The Federal Trade Commission (FTC) on Monday asked a court to temporarily block Microsoft from proceeding with its bid to acquire Activision Blizzard before the regulator has addressed the matter in a hearing.
The FTC said Microsoft and Activision — the publisher behind franchises such as Call of Duty, Diablo, and Warcraft — had indicated that the deal could be confirmed as early as this Friday and so has asked a federal judge to block any final agreement before then, Reuters reported.
Microsoft and the FTC have a hearing about the deal on August 2, but the regulator is worried that Microsoft may attempt to close it before then. “Both a temporary restraining order and a preliminary injunction are necessary because Microsoft and Activision have represented that they may consummate the proposed acquisition at any time,” the FTC says in the filing. The regulator added that if the deal goes through before its own hearing on the matter in early August, then it would be difficult to undo.
A delay would also mean that Microsoft’s appeal to the U.K.’s Competition and Markets Authority, which blocked the deal in April over concerns that it could negatively impact the nascent cloud gaming market, would be heard before the deal’s July 18 deadline. European Commission regulators gave the deal the nod in May, saying it was happy with Microsoft’s reassurances over antitrust concerns linked to cloud gaming.

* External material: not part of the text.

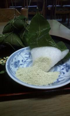 出来上がり。もっちりとした美味しい笹巻きが、きなこをまぶしていただきます。

The proposed $69 billion deal would be Microsoft’s priciest acquisition and the biggest-ever in the video game industry, but the FTC isn’t happy about it.
The regulator has concerns that a Microsoft-owned Activision would give the computer giant an unfair advantage over rivals, and as a consequence moved to block the deal in December 2022.
The FTC’s filing with a California court on Monday describes Microsoft as having the “ability and increased incentive to withhold or degrade Activision’s content in ways that substantially lessen competition, including competition on product, quality, and innovation.”
In real terms, that could mean Microsoft preventing popular Activision titles from launching on the Sony PlayStation, or, if it did launch, offering fewer features than the version for Microsoft’s Xbox.
Microsoft insists that taking over Activision would be advantageous for both the gaming industry and gamers, and has even offered to put its name to a legal document that promises the availability of games like Call of Duty to other consoles for a decade.
If Microsoft fails in its bid to acquire Activision Blizzard, it could face a termination fee of as much as $3 billion.